Information shown -

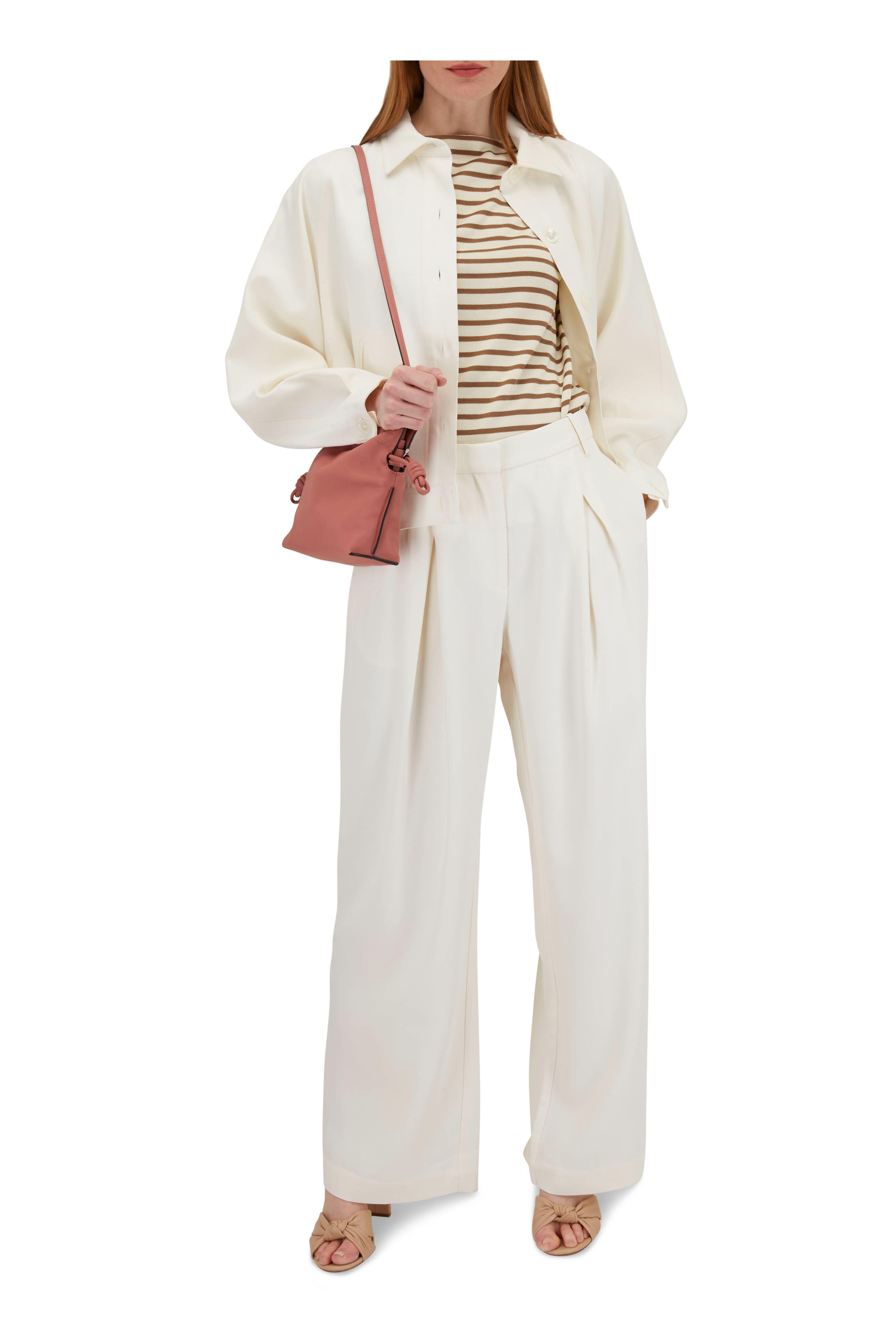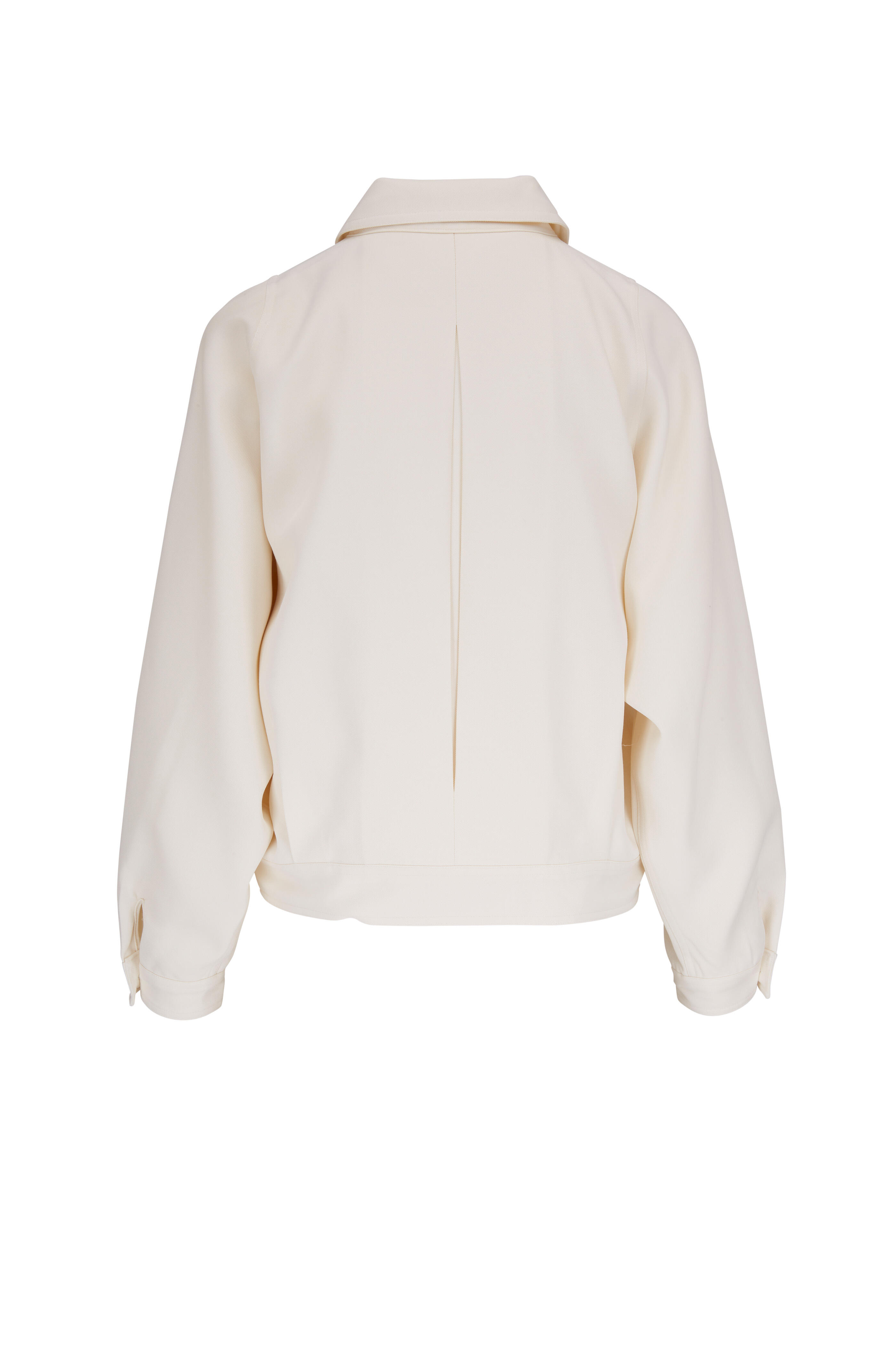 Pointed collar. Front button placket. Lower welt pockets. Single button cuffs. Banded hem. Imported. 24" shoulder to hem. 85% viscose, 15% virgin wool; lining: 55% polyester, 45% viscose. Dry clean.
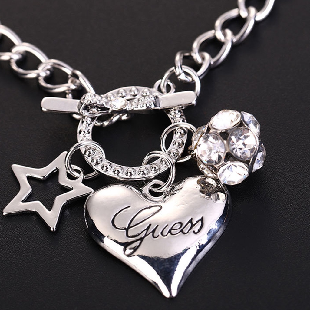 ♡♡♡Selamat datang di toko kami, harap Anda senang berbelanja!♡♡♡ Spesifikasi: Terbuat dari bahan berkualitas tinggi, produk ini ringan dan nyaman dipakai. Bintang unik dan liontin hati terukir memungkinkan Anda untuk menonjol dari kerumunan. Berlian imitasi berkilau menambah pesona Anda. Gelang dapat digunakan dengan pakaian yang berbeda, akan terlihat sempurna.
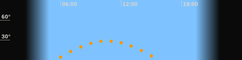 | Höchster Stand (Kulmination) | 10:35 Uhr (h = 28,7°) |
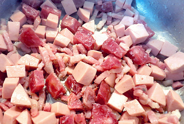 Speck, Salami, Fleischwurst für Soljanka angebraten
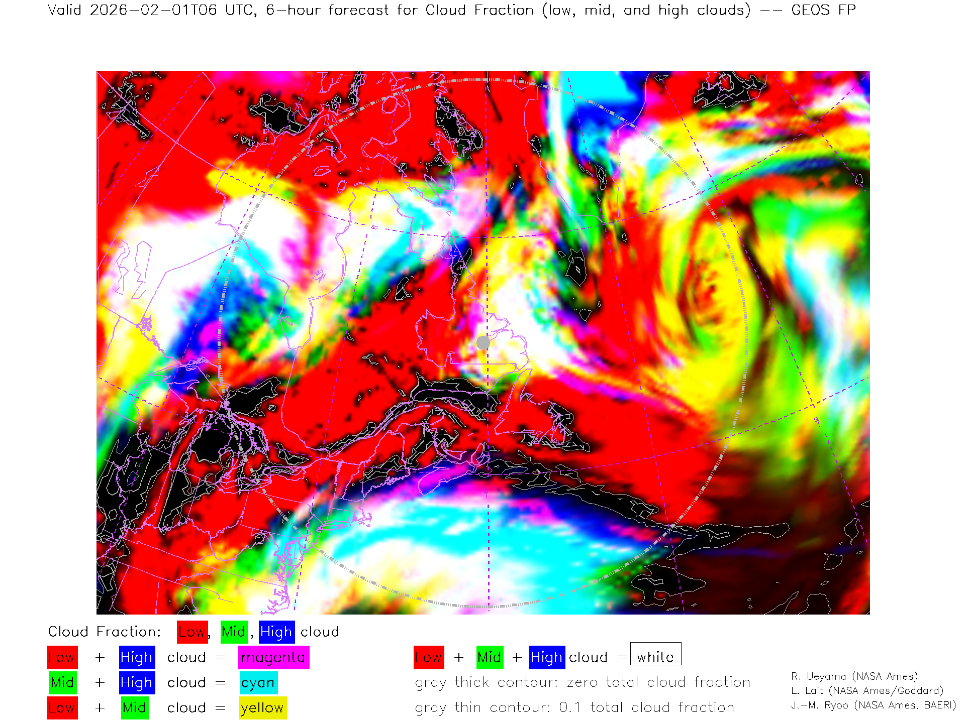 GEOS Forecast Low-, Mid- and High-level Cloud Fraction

What is needed - Retype every entry exactly, but keep the pictures out of your copy.

Answer to this problem -
 Pointed collar. Front button placket. Lower welt pockets. Single button cuffs. Banded hem. Imported. 24" shoulder to hem. 85% viscose, 15% virgin wool; lining: 55% polyester, 45% viscose. Dry clean.
 ♡♡♡Selamat datang di toko kami, harap Anda senang berbelanja!♡♡♡ Spesifikasi: Terbuat dari bahan berkualitas tinggi, produk ini ringan dan nyaman dipakai. Bintang unik dan liontin hati terukir memungkinkan Anda untuk menonjol dari kerumunan. Berlian imitasi berkilau menambah pesona Anda. Gelang dapat digunakan dengan pakaian yang berbeda, akan terlihat sempurna.
 | Höchster Stand (Kulmination) | 10:35 Uhr (h = 28,7°) |
 Speck, Salami, Fleischwurst für Soljanka angebraten
 GEOS Forecast Low-, Mid- and High-level Cloud Fraction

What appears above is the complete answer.